Сам по себе. Начало истории

               
         Вы бывали в наших отечественных больницах? Не найдется ни одного человека, который бы ответил отрицательно на этот полу риторический вопрос. Тягостное впечатление вызывают они у посетителя, независимо от профиля учреждения и контингента больных. Особо тяжелое впечатление вызывают онкологические стационары и те отделения многопрофильных больниц, где годами лежат люди с практически неизлечимыми психическими и физическими недостатками.

     Немолодой и усталый хирург водил группу практиканток по лечебному учреждению, занятие это вызывало у него раздражение, он считал, что его, хирурга высокой квалификации можно было и освободить от этой тягомотины, тем более  что девочки учились в пединституте и медициной занимались непрофессионально, только для получения удостоверения медсестры гражданской обороны.

       Игорь Семенович оглядел контингент – ни одной более или менее смазливой мордашки, глаз не на ком остановить, но это так, для порядка – белые халаты и нелепые косынки обезображивали девчонок до неузнаваемости. Он прошел с ними уже два отделения, свое родное оставил «на закуску» - он был на сто процентов уверен, что ни одна из них не захочет в нем провести две недели положенной практики.

       Длинная палата, человек на двадцать, самая тяжелая и безрадостная во всей клинике – «спинальники» - пациенты после тяжелых травм позвоночника, практически обездвиженные и лишенные надежды на выздоровление. Многие лежат здесь не один месяц.
     Они привыкли ко всему, даже к этим дурацким экскурсиям. Размеренно и плавно продвигается сорокоглазая группа в конец палаты.

     Доктор оборачивается, у кровати Борисова какая-то заварушка, больной схватил за руку одну из студенток, девчонка от неожиданности очень резко выдернула руку, стукнулась о спинку кровати и громко вскрикнула. Борисов громко расхохотался.  «Развлекается гад!» - отметил про себя доктор.
     Игорь Семенович видит, что девушка сильно напугана выходкой больного, но вмешиваться не собирается – ему это на руку, если  ни одна из них не согласиться прийти сюда на практику – ему меньше мороки.

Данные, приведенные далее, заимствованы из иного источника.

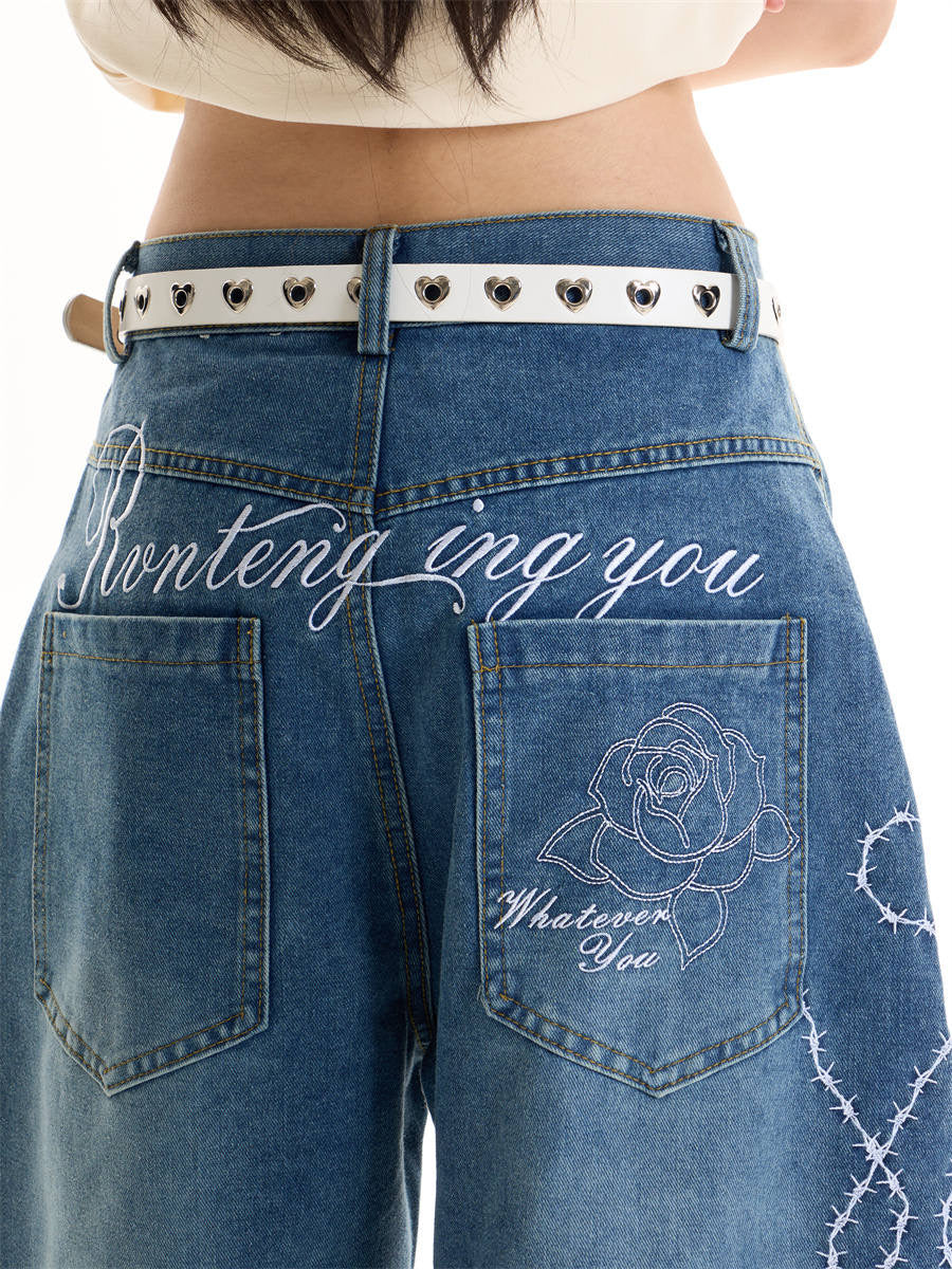 GKIKZ ENTANGLE ROSE WIDE-LEG DENIM
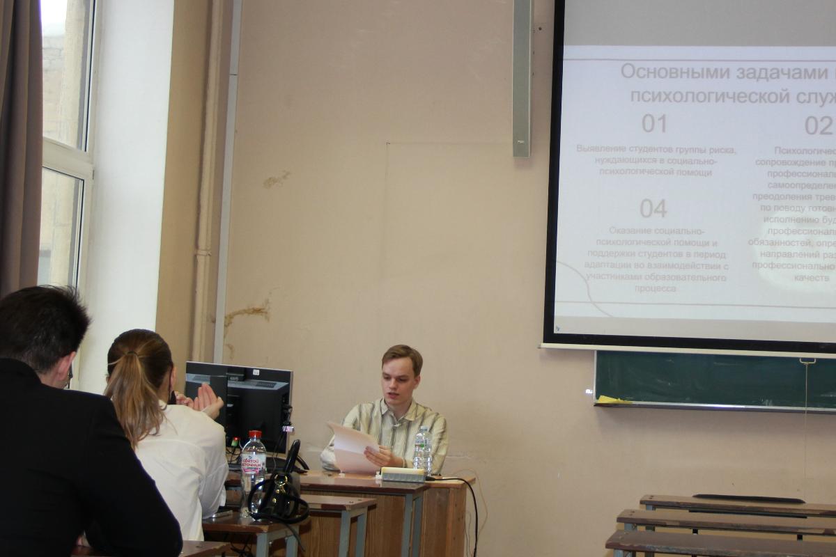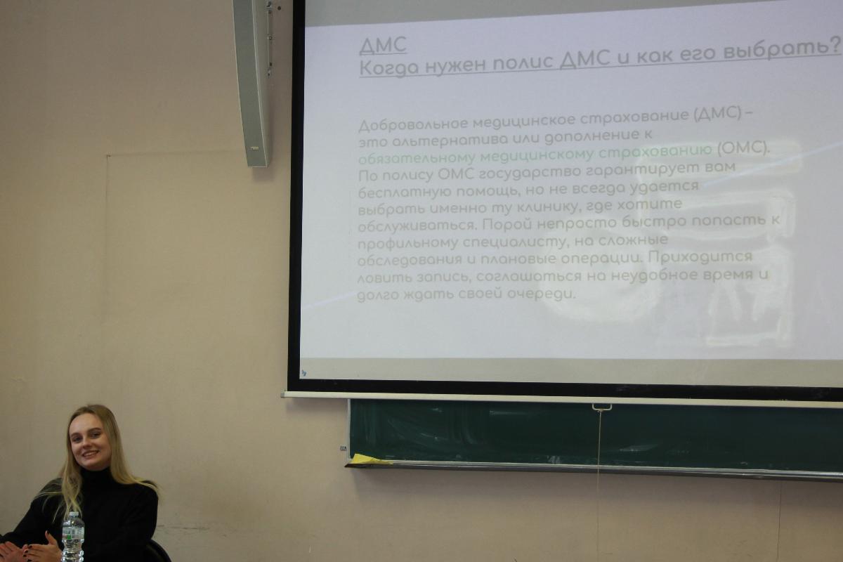 Особенности оказания медицинской помощи студентам ВУЗов стали темой выступления Александры Тимофеевны Гусар, студентки 4 курса 2 гражданско-правовой группы.

    Девочка, оглядываясь на остальных больных, прошла между кроватей, как между клеток с тиграми в зоопарке, и присоединилась к группе.
     Студентки уже подошли к последним пациентам. Доктор нудно объяснял, что за травма у больного Сергиенко, как этот самый Сергиенко что-то зычно гикнул и замахал руками. Казалось, сумей он встать, всем присутствующим было бы тошно, настолько зверская рожа была у мужика.
       Студентки, да и сам доктор непроизвольно отпрянули от кровати, только та самая девочка, которую напугал Борисов, осталась стоять возле постели.

      Доктор наблюдал, как она, взмахнув несколько раз перед своим лицом руками, начала жестами общаться с больным. Перемену выражений лица Сергиенко стоило увидеть – от злости, через изумление - к вселенской радости, словно он только что встретил родного человека.
- Что он тебе сказал? – Игорь Семенович схватил студентку за рукав.
- От какого-то лекарства его постоянно тошнит! - очень тихо ответила девушка.
- От какого? – доктор задумался.
- Раньше не тошнило, вероятно, оттого, что вы назначили недавно, - студентка смотрела, как Сергиенко усиленно жестикулирует.
- Скажи пусть не бузит, завтра разберемся! – засмеялся доктор
- Он не ругается, - девчонка отвечала Сергиенко и разговаривала с доктором одновременно, поминутно оглядываясь на больных -  было очевидно, что такое большое число зрителей ее стесняет.
- Что он говорит? – насторожился доктор, обеспокоенный продолжающимся диалогом студентки с больным.
- Это он мне.  Приглашает прийти в гости.
- Я тоже тебя приглашаю отработать практику в моем отделении. Обещаю полную безопасность.
- Нет, я лучше где-нибудь в другом месте, -  ответила девушка, обеспокоено взглянув в сторону койки Борисова.
Доктор был даже рад ее отказу, приглашение вырвалось у него непроизвольно, и он в душе был раздосадован своей поспешностью.

      Девочки пошли распределяться по отделениям, а доктор поспешил по своим неотложным делам. Уже к концу смены к нему подошла старшая медсестра и попросила расписаться в приказе. Васильев чуть не выругался – одну студентку ему все же всучили, радовало только то, что в других отделениях их было по семь – восемь.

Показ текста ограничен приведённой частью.